Sarà anche romantico ma sul ruolo della critica si deve ancora riflettere
venerdì 30 dicembre 2016
L'esercizio della critica è un'attività inutile o addirittura perversa? Le arti hanno o no bisogno della critica? La critica abusa delle opere d'arte distraendo l'attenzione e inquinando la percezione diretta e libera, o invece concentra l'attenzione e intensifica la percezione di chi legge, o guarda, o ascolta un prodotto d'arte? Questo secolare, se non millenario problema, aperto a soluzioni contraddittorie, ha attirato di nuovo l'interesse di Mario Andrea Rigoni, saggista e studioso di Leopardi, che in un breve testo, Lo scrittore come critico (La Scuola di Pitagora, pagine 24, euro 3,00), riapre il discorso partendo dal Romanticismo. È infatti nel periodo in cui il senso della modernità esplode, che l'artista respinge da sé impazientemente la critica, mentre la critica tende sia a penetrare più profondamente nella creazione artistica che a conquistare una propria autonomia formale e letteraria.

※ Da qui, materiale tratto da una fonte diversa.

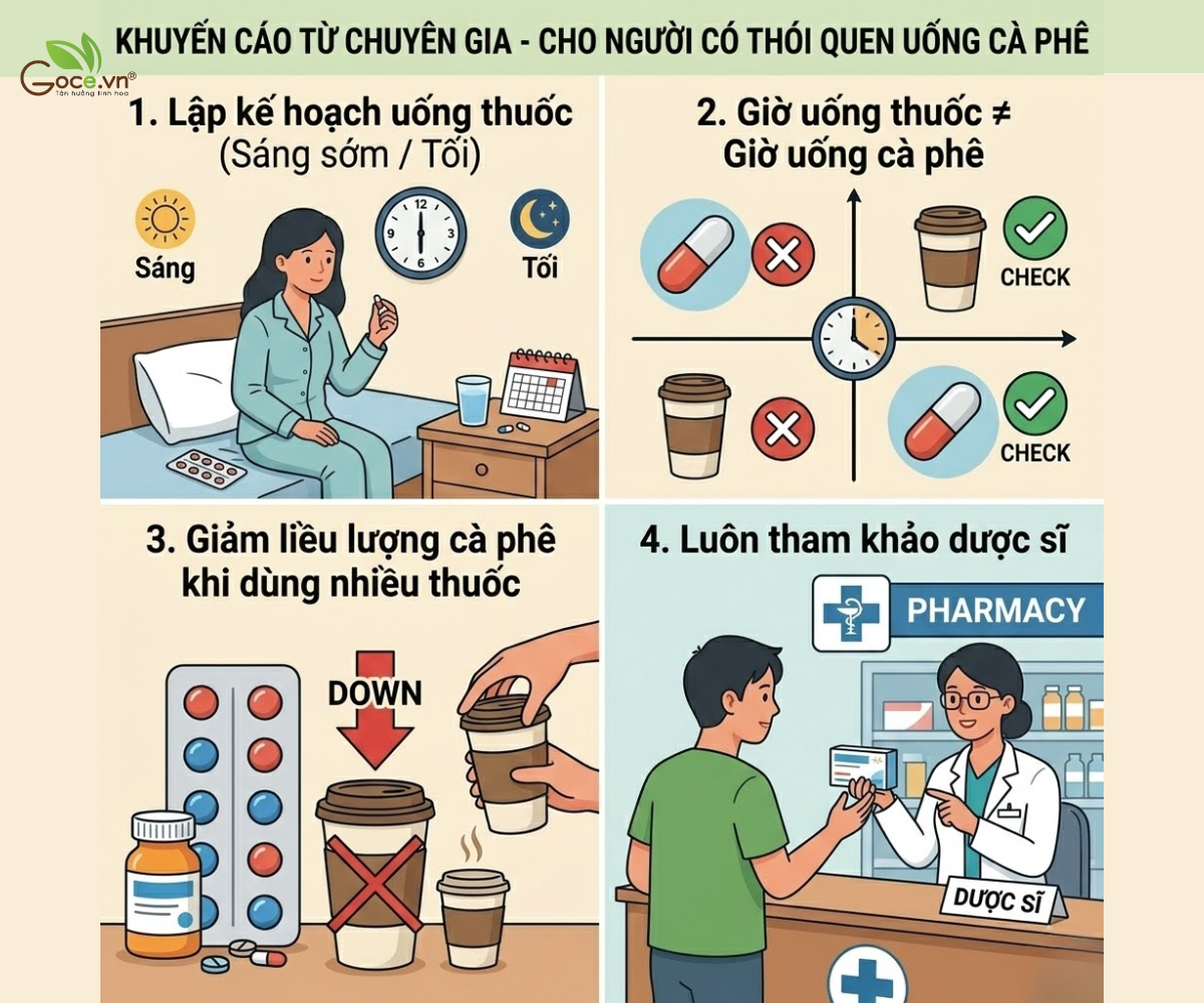 Hãy nhớ rằng, hiệu quả điều trị và sức khỏe của bạn luôn là ưu tiên hàng đầu. Nếu thói quen uống cà phê đang ảnh hưởng đến quá trình điều trị, đừng ngần ngại tham khảo ý kiến bác sĩ hoặc dược sĩ để được tư vấn cụ thể. Đôi khi, việc điều chỉnh nhỏ về thời gian hoặc liều lượng cà phê có thể giúp bạn vừa duy trì được thói quen yêu thích, vừa đảm bảo hiệu quả điều trị tối ưu.
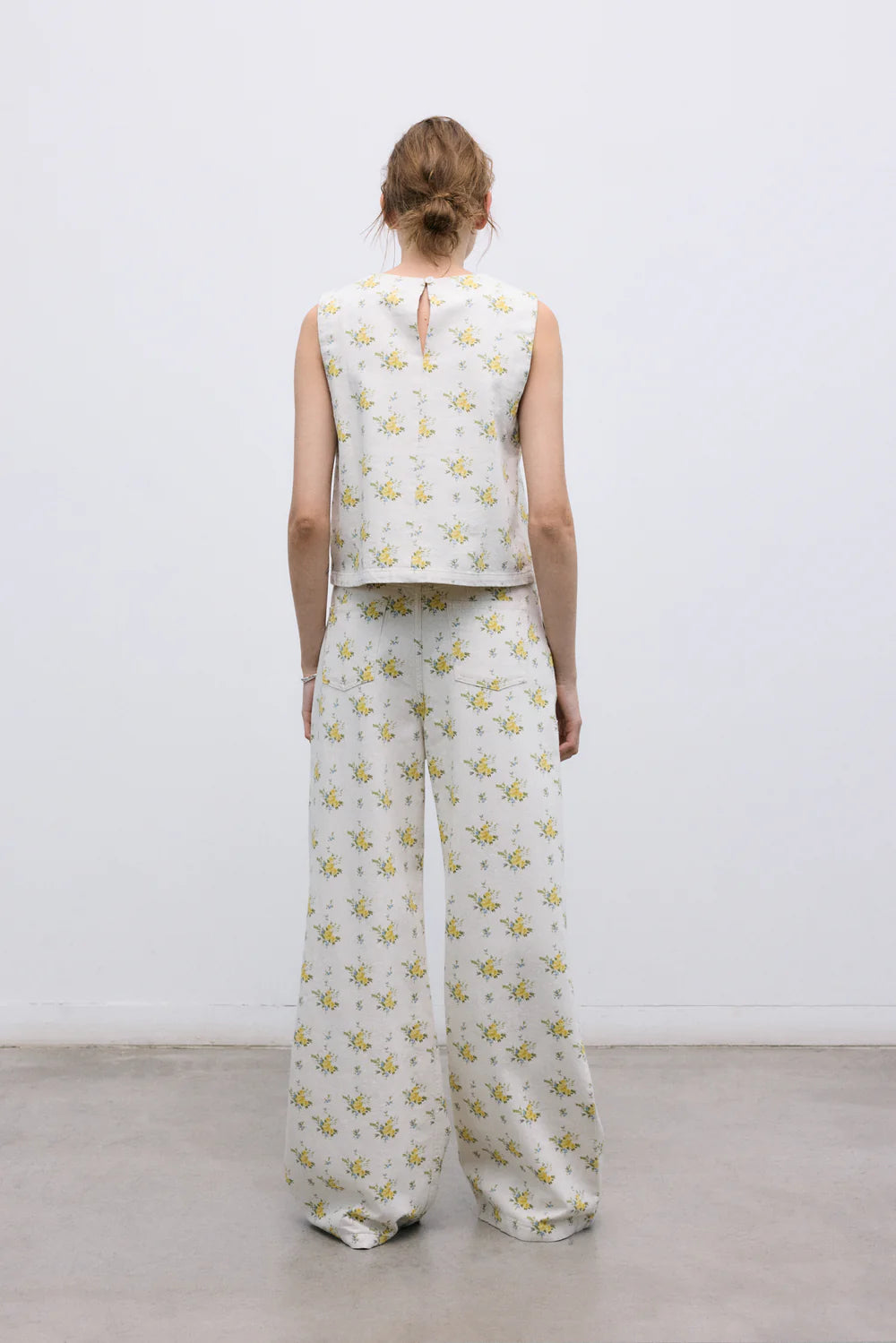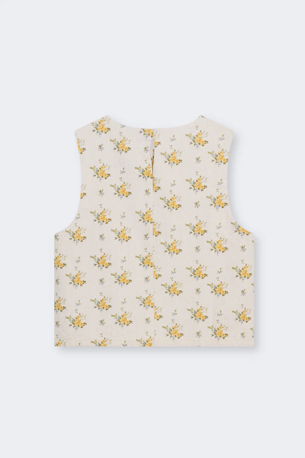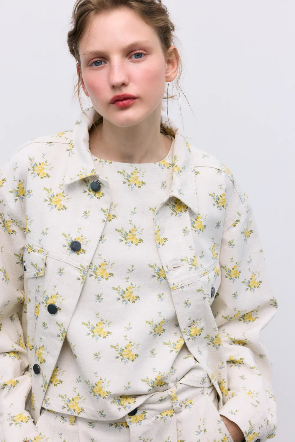 Crafted from organic cotton denim, this top features a beautiful floral print and a delicate back opening with a keyhole and button closure. A versatile piece designed to pair perfectly with the matching pants and jacket for a complete look.

Da un lato il culto romantico della natura e della naturalezza geniale esaltano la creazione in antitesi alla riflessione (astratta, artificiosa, disorganica). Dall'altro il culto del genio che supera la natura esige l'astrazione e la sintesi artistica intese come invenzione e non come imitazione. Secondo Schiller la poesia moderna, definita «sentimentale», si distingue dalla «ingenua» naturalezza classica: sente di averla perduta e la coscienza di questa perdita alimenta nuove forme di creazione. Perciò il poeta moderno è inevitabilmente un consapevole critico, mentre il critico è a sua volta scrittore e creatore poiché fa rinascere le opere d'arte descrivendole e interpretandole.
Questi problemi hanno una loro attualità. Sembra che della critica oggi si senta sempre meno bisogno. Ma nello stesso tempo tutti sono o si sentono a loro modo critici: la critica si esercita dappertutto, magari male, ma certo più diffusamente di un tempo. Il critico professionale perde perciò necessità e autorità. I suoi discorsi non sono un “sapere certo” cioè scientifico, sono argomentazioni che restano soggettive anche quando appaiono convincenti. Contrariamente a quanto si credeva mezzo secolo fa, quando la critica usò la linguistica per diventare o sembrare “scienza della letteratura”, oggi i pochi veri critici sanno di agire senza fondamenti teorici né legittimazione pubblica. È quindi più facile che si comportino come liberi scrittori in cerca di un pubblico che va conquistato e non è mai garantito.